For me, the highlight of the service was the sermon by Michael Bruce Curry, the twenty-seventh presiding bishop and primate of the US Episcopal Church. Sadly, America’s Episcopal Church has been badly damaged over various deeply contentious issues; but Michael Bruce Curry has remained enthusiastic. He preached in the vociferously emotional style of Martin Luther King and other inspiring black leaders. His focus was on the power of love.
At the end, he cited a French scientist, theologian and mystic – Pierre Teilhard de Chardin – whose thinking I find profound.

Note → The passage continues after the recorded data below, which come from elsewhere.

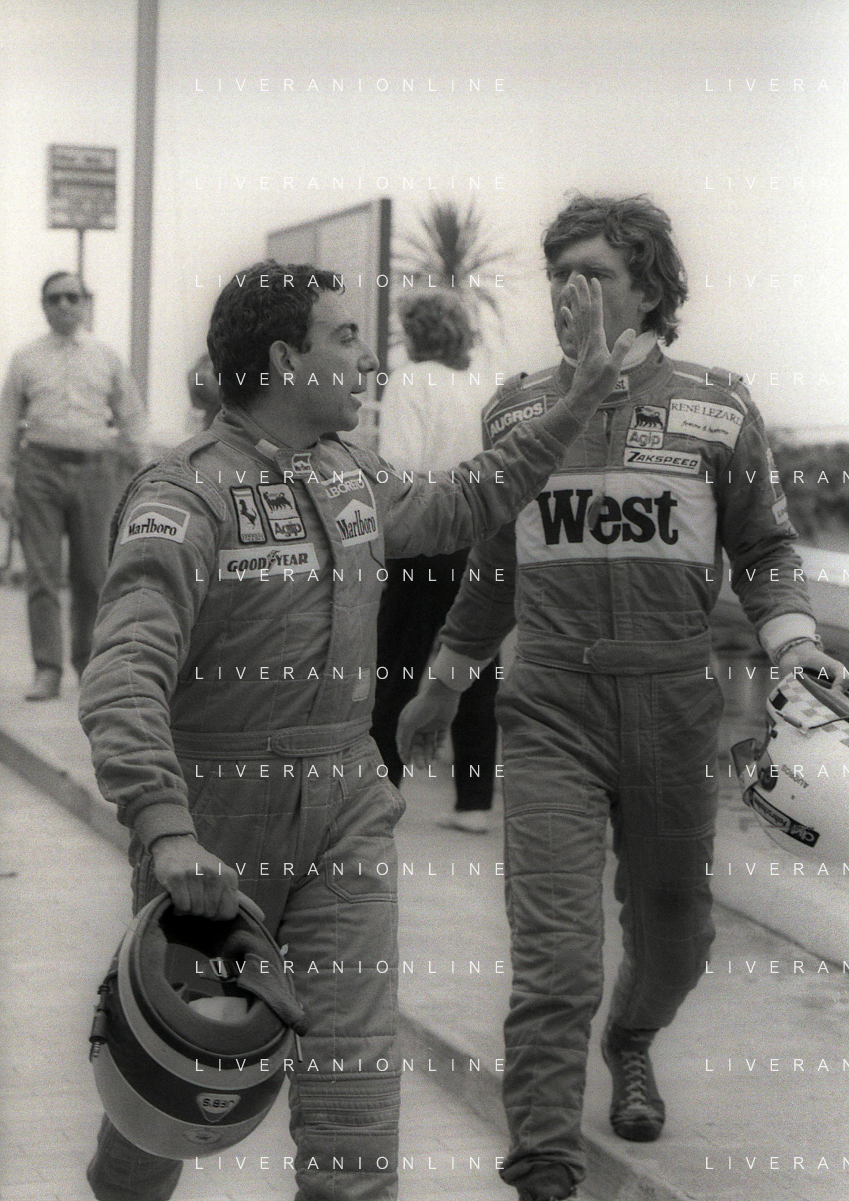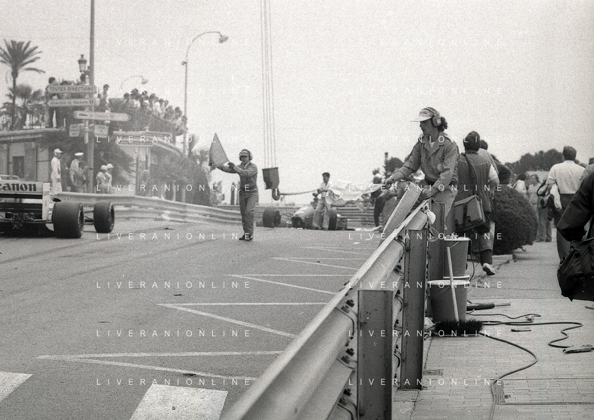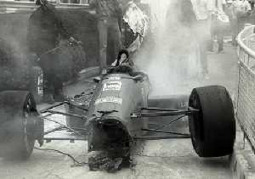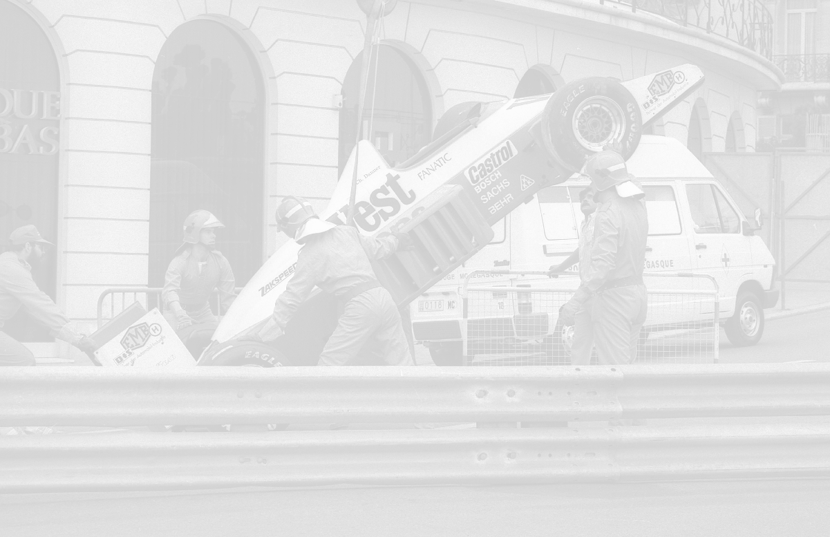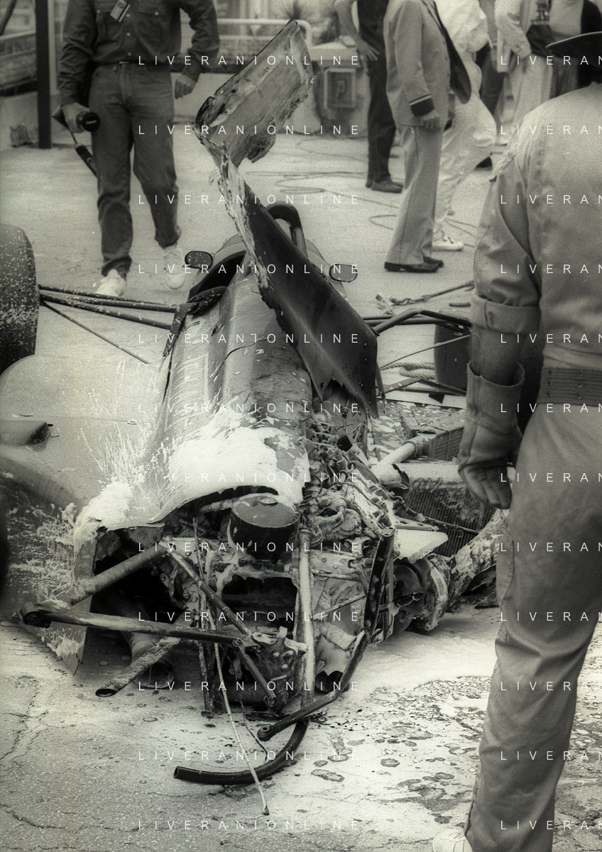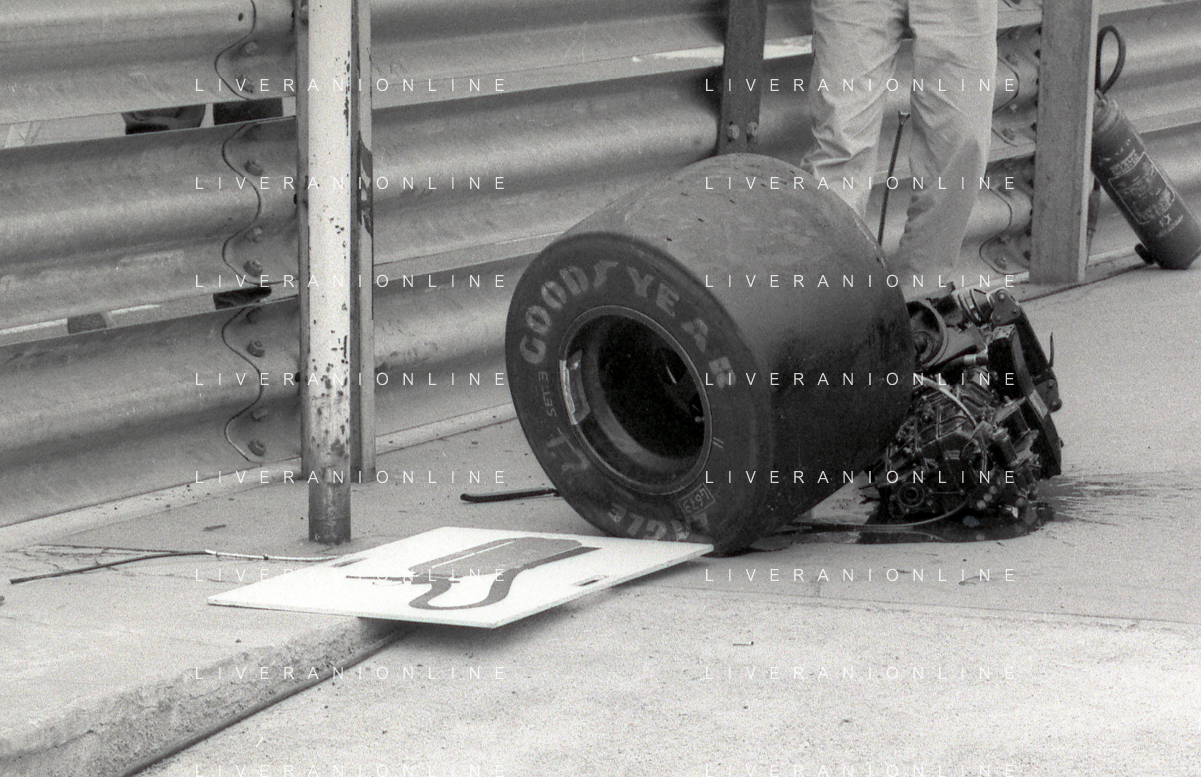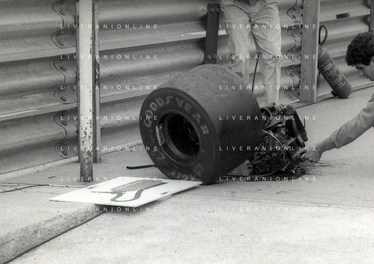 NEG-RETROSPETTIVA MICHELE ALBORETO PILOTA NELLA FOTO MICHELE ALBORETO CON CHRIISTIAN DANNER INCIDENTE ALLE PROVE DEL GP MONTECARLO ANNO 1987 AG ALDO LIVERANI SAS
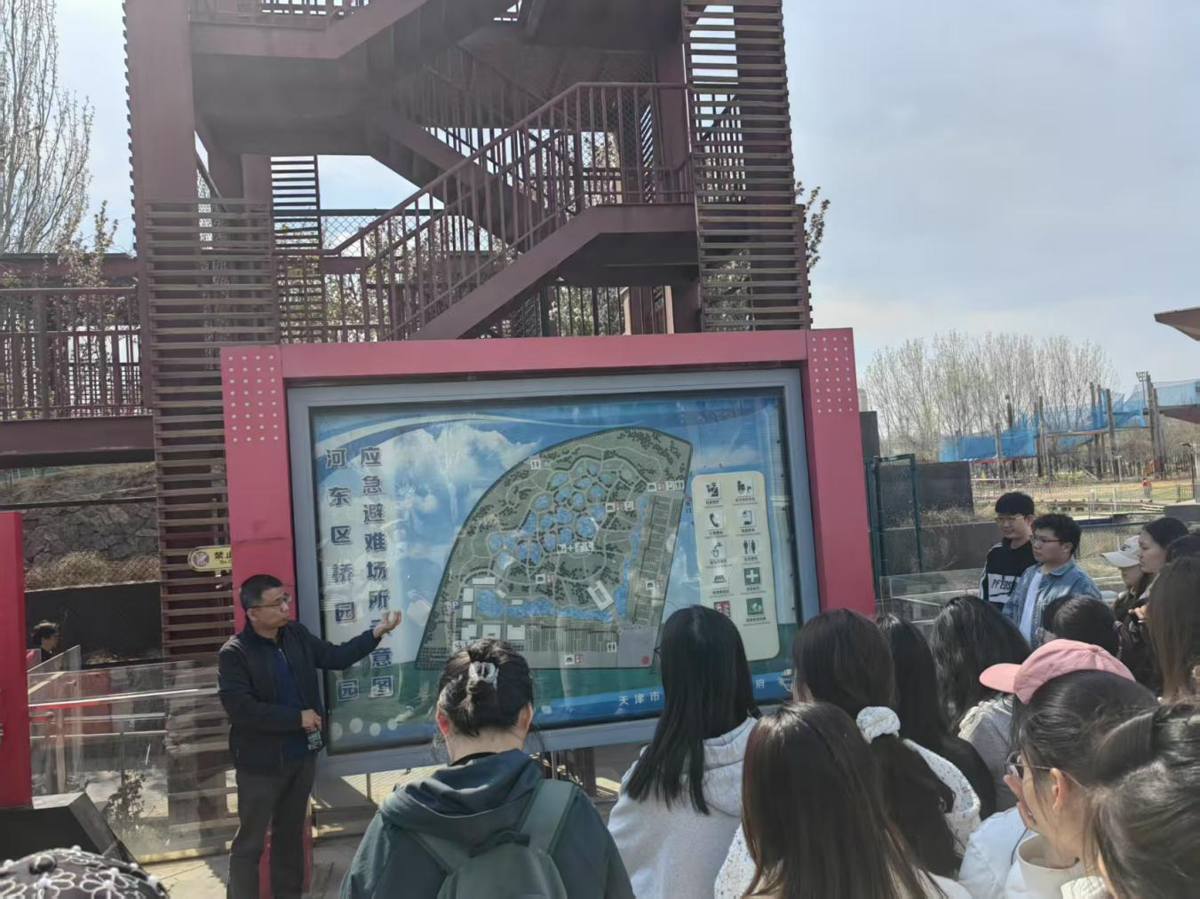 津保环投作为天津临港投资控股有限公司全资子公司,是承接天津港保税区“两港三区”运营管理服务的重要载体,公司始终坚持“大市政、大环保、大智慧”发展战略,为区域提供市政绿化环卫一体化养管服务。在此次联合党日活动中,津保环投首先邀请老师和同学们参观了公司位于河东区的桥园公园和河东公园两个项目,项目负责人不仅为大家讲解了公园利用填挖技术创建城市绿地、通过微地形设计收集酸性雨水、中和碱性土壤,从而实现以自然过程推动生态修复,实现生态系统服务的过程;而且还介绍了公司目前在城市公园运营中养护管理的协同化、精细化、集成化以及智慧化实践,使老师和同学们在领略了春日美景的同时,更是感受到了智慧赋能城市运营的魅力与创新活力。
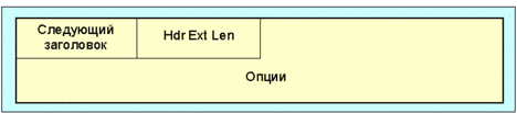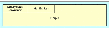 Рис. 4.4.1.1.25. Формат заголовка опции места назначения Следующий заголовок - 8-битовый селектор. Идентифицирует тип заголовка, который непосредственно следует за заголовком опций места назначения. Использует те же коды протокола, что и IPv4 [RFC-1700]. Hdr Ext Len - 8-битовое целое без знака. Длина заголовка опций места назначения в 8-октетных блоках, исключая первые 8 октетов. Опции - поле переменной длины, кратное 8 октетам. Содержит одну или более TLV-закодированных опций. Здесь определены только две опции места назначения Pad1 и padn. Обратите внимание, что существует два способа кодировки опционной информации места назначения для пакетов IPv6: в заголовке опций места назначения, или в виде отдельного заголовка расширения. Заголовок фрагмента и заголовок идентификации являются примерами последнего подхода. Какой из подходов будет применен, зависит от того, какая операция желательна в узле места назначения:
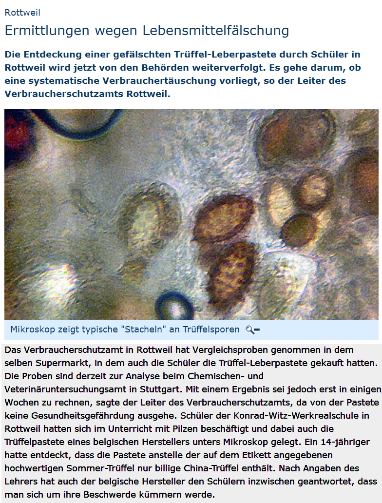Ein 14-jähriger Schüler hat in Rottweil einen mutmaßlichen Lebensmittelbetrug aufgedeckt. Er hat bei einer Leberpastete festgestellt, dass sie nur billige Chinatrüffel
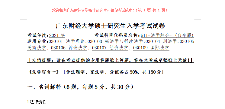 完整版请下载附件:2021年广东财经大学611法学综合一(自命题)考研真题
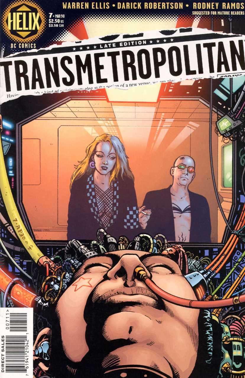Transmetropolitan, Warren Ellis' and Darick Robertson's grand pastiche, follows Spider Jerusalem, neo-gonzo journalist extraordinaire, through the backyards and the rooftops of the future. Ellis's wit is bang on the job, surely at its prime, in all its spitfire, vulgar glory. And the nosedive the se...
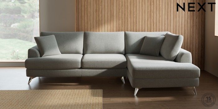 7.2.10 Buy Parker Large Corner Chaise - Right Hand Chunky Texture Dove High Metal - Chrome from the Next UK online shop Click here to use our accessible website
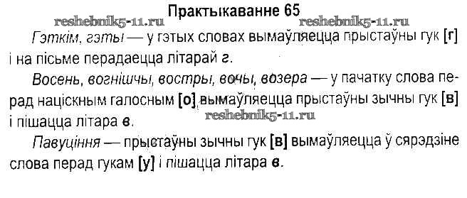 Готовая домашняя работа с ответами по Белорусскому языку за 5 класс Красней, Несцяровіч, Васюковіч, Лаурель Учебник Часть 1, 2 Национальный институт образования 2014 ФГОС - Часть 2. Практыкаванні 65
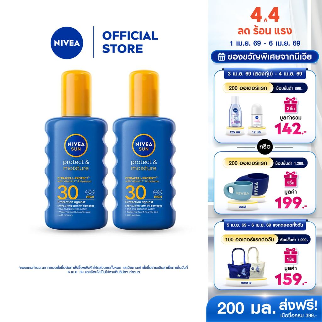 นีเวีย ซัน โพรเท็คแอนด์มอยซ์เจอร์ เอสพีเอฟ30 ยูวีเอ/ยูวีบี สเปรย์ สเปรย์กันแดดสูตรกันน้ำ 200 มล.2 ชิ้น NIVEA

The words were: ‘Someday, after mastering the winds, the waves, the tides and gravity, we shall harness for God the energies of love… and then, for a second time in the history of the world, man will have discovered fire.’
Last Sunday, as our Meeting for Worship ended, a beautiful older woman visiting from Australia with her second husband observed that: ‘Love is truly unlimited’. I had never thought of it like that, but it seems to me that she is right. Her husband cited Michael Bruce Curry’s comment that: ‘Two young people fell in love and all of us showed up!’ As did massive television audiences all over the world!
Many Quakers find the institution of royalty and the huge gap between the wealth of royals and ordinary people offensive. For me, there are other dimensions worth considering. Clearly, this particular event gave us something fresh and delightful to think and talk about. Indeed, perhaps in the context of this wedding, our royal family, young and old, is likely to have a growing impact on the wider world, encouraging millions of people to do their best to make our world – God’s world – a better place.
We Quakers have long undertaken vital voluntary work and challenging campaigns; even in the face of major risks and sometimes punishments. Westminster Meeting is in the early stages of organising to help a refugee family resettle. We have a project to support funerals for those whose loved ones can’t afford one. We are building up a Children’s Meeting, which we hope can keep our movement thriving as many of us oldies depart from this world. There is so much to be done.
So, let’s continue as individuals and a community to let our lights shine. Let’s be thankful for those in leadership roles who fan the flames of passionate engagement with the world and, like George Fox, despite the turbulent times in which we live, let’s continue to ‘walk cheerfully over the world, answering that of God in everyone’.